Książki na temat końcówek o których mówię w artykule, to następujące pozycje: 
1) Jeremy Silman - "Kompletny kurs końcówek Silmana" (pozycja wydana w języku angielskim - Silman's Complete Endgame Course).

W tym miejscu znajduje się recenzja tej rewolucyjnej książki (oczywiście po angielsku): http://www.chessville.com/reviews/SilmansCompleteEndgameCourse.htm

Warto podkreślić, iż w skali od 1 do 10 otrzymała ona wówczas (pod koniec 2007 roku) najwyższą możliwą ocenę. Moim zdaniem całkiem słusznie - jest to rewolucyjne podejście, za które autor tego podręcznika otrzymał w 2007 roku nagrodę czytelników świetnej strony z różnorodnymi artykułami - ChessCafe.com.


Tutaj można zobaczyć, które z innych pozycji otrzymały wyróżnienie - z pewnością nie jest ono wręczane przypadkowo. http://www.mark-weeks.com/aboutcom/aa04k20.htm
[Silman, Jeremy • Silman's Complete Endgame Course • ChessCafe Award 2007].


2) Paweł Dobryniecki - "Konkurs kombinacji", część 4: Szkoła szachów - końcówki (pozycja wydana w języku symboli szachowych - można zatem określić, że jest to międzynarodowy język).

Natomiast jeden ze zbiorów zadań dotyczący testowania znajomości końcówek to chociażby ten (chodzi o 4 część - ta z rysunkiem dużego piona widoczna na okładce):


Jest w niej zawarte 540 zadań - z pewnością jest to zbiór zalecany od poziomu 1400 do 2000. Jak podaje autor: rozwiązanie 100 zadań bezbłędnie odpowiada poziomowi gry 3 kategorii (1600), 200 - 2 kategorii (1800), 300 - 1 kategorii (2000), 400 - 1+ kategorii (2100), 500 - poziom KM (2200).

W obecnej chwili nie znam lepszego zbioru zadań, który zawiera w sobie tak ciekawie dobrane przykłady.
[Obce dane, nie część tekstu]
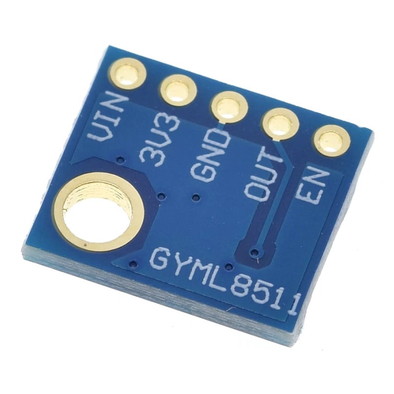 El desbloqueo ML8511 es un sensor de luz ultravioleta que es fácil de usar. El sensor MP8511 UV (ultravioleta) funciona emitiendo una señal analógica en relación con la cantidad de luz ultravioleta que se prueba. Este desbloqueo puede ser muy útil para crear dispositivos que adviertan al usuario sobre las quemaduras solares o que prueben el índice UV en lo que se refiere a las condiciones climáticas.
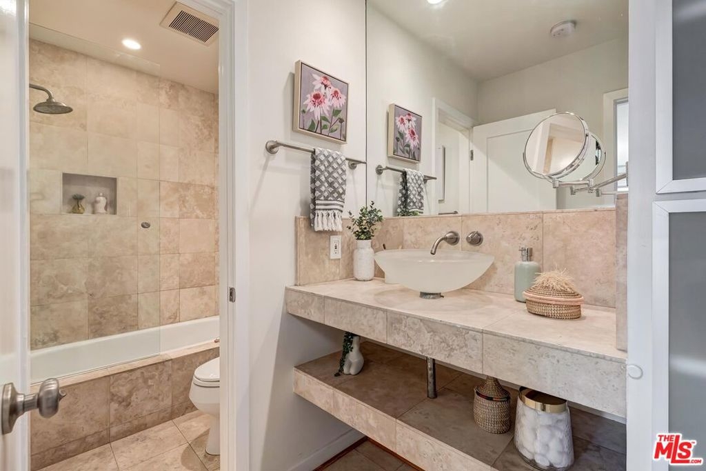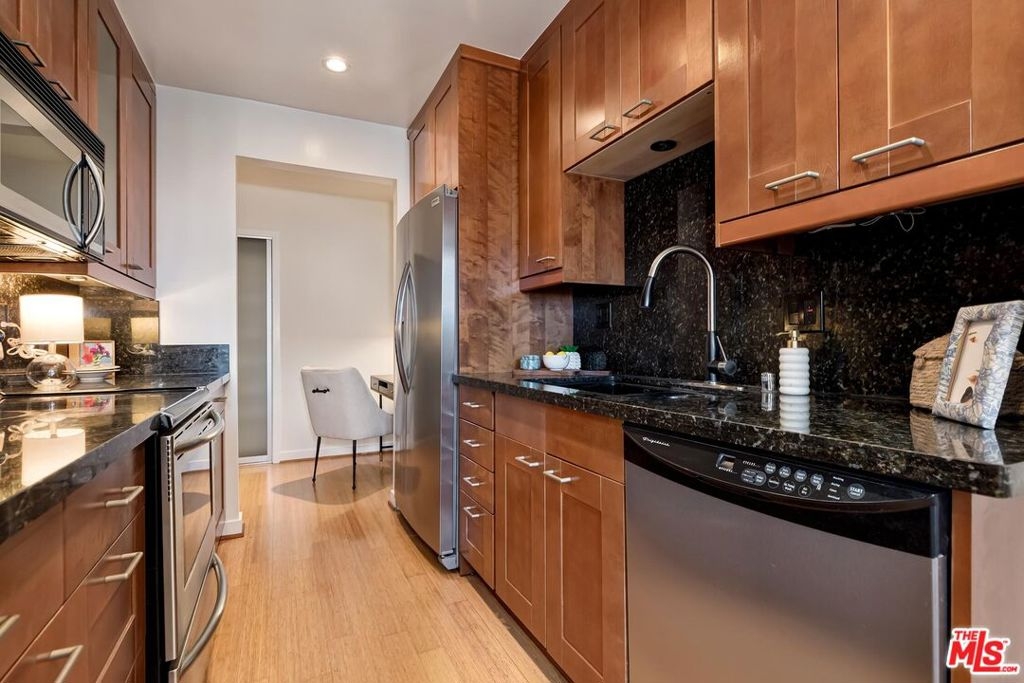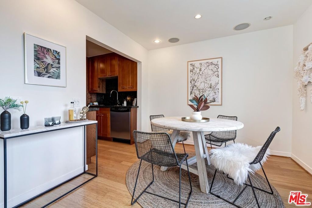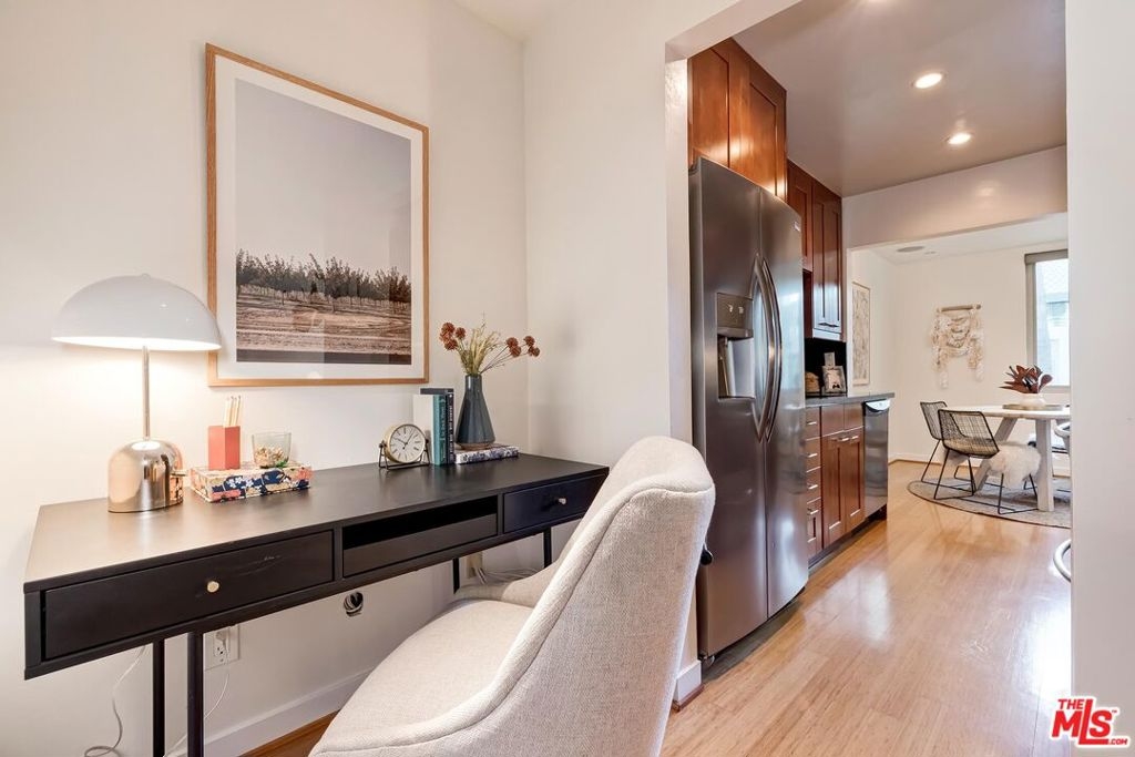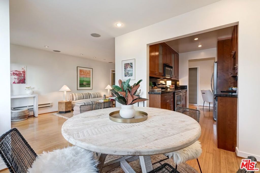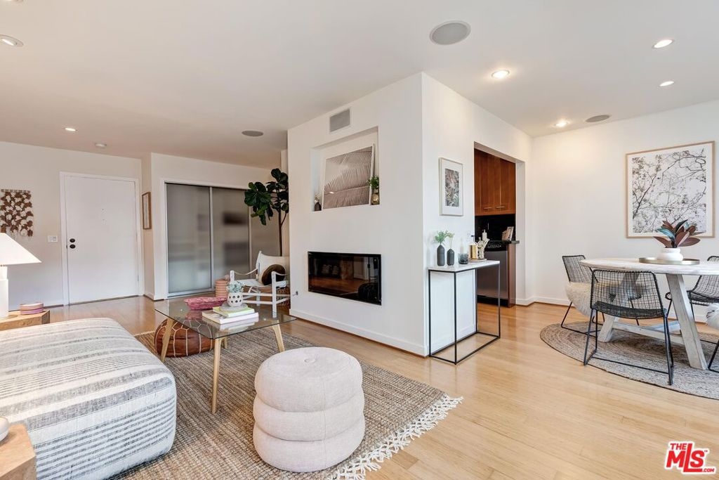 Located just minutes from the amazing shops and restaurants that line both Sunset and Santa Monica Boulevard, this spacious 1 bedroom, 1 bathroom condo truly has it all. The moment you step inside the bright, top floor unit you notice the attention to detail, from the bamboo flooring and recessed lights to the large French doors that open onto a covered, private balcony. The living area features a glass front gas fireplace, wall of custom closets and a variety of options for your home office or dining room layouts. The kitchen has ample ceiling height cabinets, straight edged granite counter tops, stainless steel appliances and is open on either end creating a great flow for relaxing or entertaining. Finally, the large, light filled bedroom has plenty of additional storage and a spa like ensuite bath. Make sure you don't miss out on your chance to own this incredible piece of property!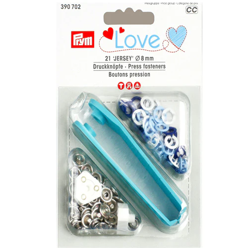 Prym Love Trykknapper- Mørk blå, Lyseblå og Hvit 195,- På lager. Legg i handlekurv Lagerbalanse: 5 Artikkelnummer: 3502 Del Informasjon Artnr: 390702Trykknapper 8mm som er beregnet på Jerseystoffer.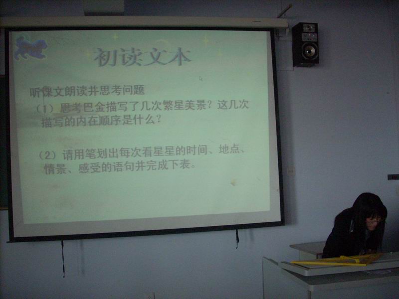 既然是研讨课,自然就少不了听课老师。一进教室向后面看去,你一定会被吓到的,黑压压一片,后面坐满了老师,有些老师还与学生坐在一起。听课老师们如同学生一样,一会儿聚精会神地听,一会儿低下头在纸上写些什么。就这样,一节45分钟的研讨课便不知不觉地上完了。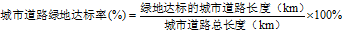 15、 城市道路綠地達標率應(yīng)按下式計算: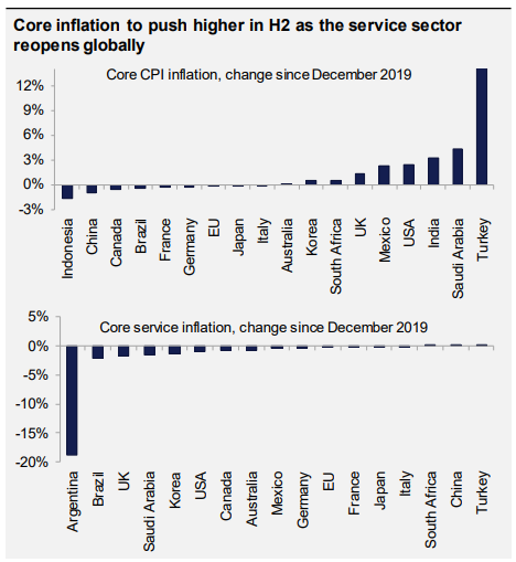 Dicho esto, EE.UU. se distingue en cierto modo de otras economías de mercado. El aumento del IPC subyacente de EE.UU. desde finales de 2019 fue mayor que el de todas las economías emergentes, salvo algunas idiosincrásicas. Las limitaciones de la oferta en el mercado mundial de semiconductores, que han afectado a la producción de coches nuevos, han provocado un gran aumento de los precios de los coches usados en abril. Y las cadenas de comida rápida, al parecer, están teniendo que subir los salarios para atraer a los trabajadores y evitar que reciban generosos pagos del seguro de desempleo. En última instancia, pensamos que, con la retirada de los seguros de desempleo, la gran capacidad de carga del mercado laboral se reafirmará. Pero la distribución de los riesgos de inflación está más sesgada en EE.UU., dada la magnitud del estímulo fiscal.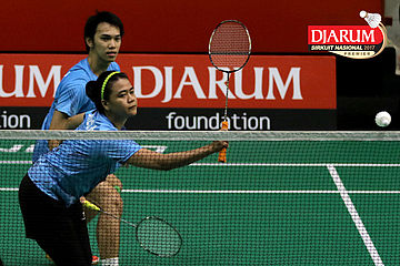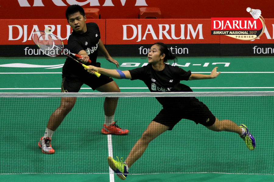 Rahmat Hidayat/Shelandry Vyola (Djarum Kudus) Mengembalikan Shuttlecock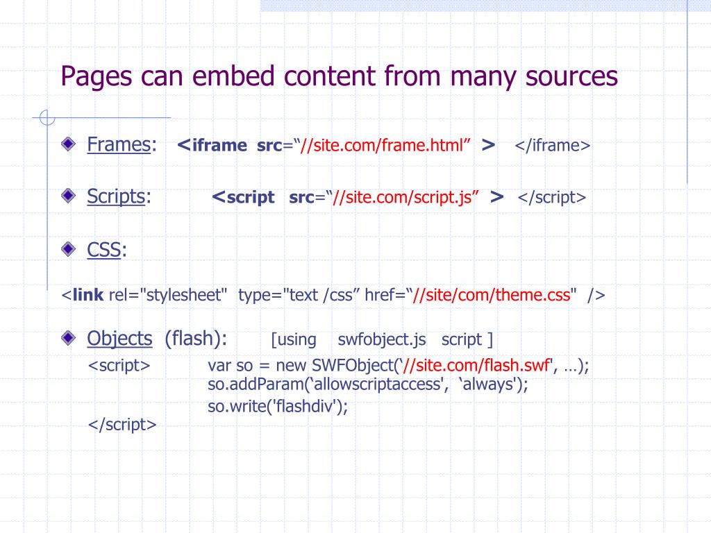 Pages can embed content from many sources • Frames: <iframesrc=“//site.com/frame.html” > </iframe> • Scripts: <script src=“//site.com/script.js” > </script> • CSS: <linkrel="stylesheet" type="text /css” href=“//site/com/theme.css" /> • Objects (flash): [using swfobject.js script ] <script> var so = new SWFObject(‘//site.com/flash.swf', …); so.addParam(‘allowscriptaccess', ‘always'); so.write('flashdiv'); </script>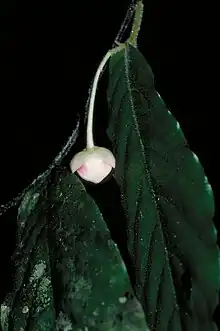 It is a small tree reaching 6 meters in height. The young, yellow-brown branches are sparsely to densely covered with long soft hairs. Its branches have sparse lenticels. Its egg-shaped to elliptical, papery leaves are 11-20 by 5-9 centimeters. The leaves have rounded to heart-shaped bases and tapering tips, with the tapering portion 2-24 millimeters long. The leaves are nearly hairless on their upper surface covered with long soft hairs on their lower surface. The leaves have 8-14 pairs of secondary veins emanating from their midribs. Its very densely hairy petioles are 3-5 by 1.5-2.5 millimeters with a broad groove on their upper side. Its solitary Inflorescences occur on branches, and are organized on very densely hairy peduncles that are 4 by 0.6 millimeters. Each inflorescence has 1-2 flowers. Each flower is on a very densely hairy pedicel that is 31-40 by 0.7 millimeters. The pedicels are organized on a rachis up to 5 millimeters long that have up to 2 bracts. The pedicels have a medial, very densely hairy bract that is up to 1 millimeter long. Its flowers are unisexual. Its flowers have 3 free, triangular sepals, that are 2.5-3.5 by 2-3 millimeters. The sepals are hairless on their upper surface, densely hairy on their lower surface, and hairy at their margins. Its 6 petals are arranged in two rows of 3. The oval, outer petals are 6-7 by 5.5-6.5 millimeters with hairless upper and very densely hairy lower surfaces. The oval inner petals have a 1-1.5 millimeter long claw at their base and a 7.5-9 by 7-9 millimeter blade. The inner petals have flat bases and pointed tips. The inner petals are hairless on their upper surface except at the margins of the apex, and very densely hairy on their lower surfaces. The male flowers have up to 153 stamens that are 1.3-1.6-0.8 by 1-1.2 millimeters. Female flowers have up to 40 carpels. Each carpel has up to 1-2 ovules. The fruit occur in clusters of up to 3 and are organized on densely hairy peduncles that are 5 by 2 millimeters. The fruit are attached by densely hairy pedicles that are 38-40 by 1 millimeters. The orange, oval to elliptical fruit are 12-15 by 10 millimeters. The fruit are smooth, and very densely hairy. Each fruit typically has 1 spherical, wrinkly seed that is 7.5 by 7 by 1.1 millimeters. Each seed has a 1.2 by 0.3 millimeter elliptical hilum.[5][4]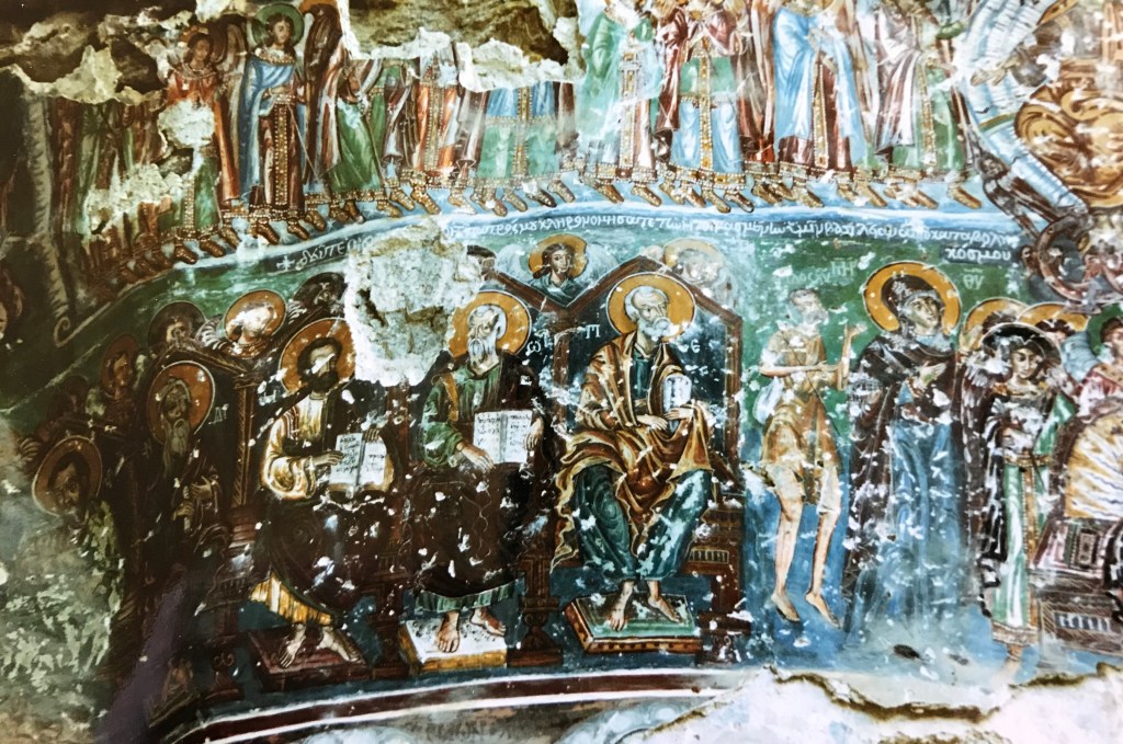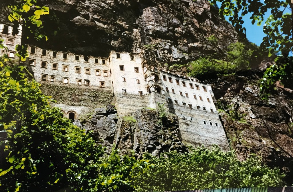 The drive up to the national park where the monastery is located took us along a wide shingle riverbed which gradually steepened as we moved further into the hills. We stopped for a ½ hour break in the town of Maçka, built where two rivers join and where the steep, scrubby hills were broken by sheer bluffs of hexagonal basalt columns. By the time we reached the entrance to the Altindere National Park, where the monastery is located, we were once again following a steep and cascading stream, its water leaping over the boulders as it rushed downwards beneath the thickly-forested hills.

Jestem przekonany, że bardzo dobre zrozumienie wszystkich pozycji (zadań) wraz z prawidłowymi rozwiązaniami - gwarantuje solidny poziom 2000 (lub być może nawet 2100) w grze końcowej. Tak więc polecam wszystkim, którzy koniecznie chcą sprawdzić swoją wiedzę, zrozumienie oraz poprawność proponowanych rozwiązań w ostatnim stadium gry szachowej - końcówce. Moim zdaniem jest to obowiązkowa lektura dla osób, które chcą być absolutnie pewne, że ich poziom w grze końcowej można określić jako naprawdę solidny (2000 lub 2100).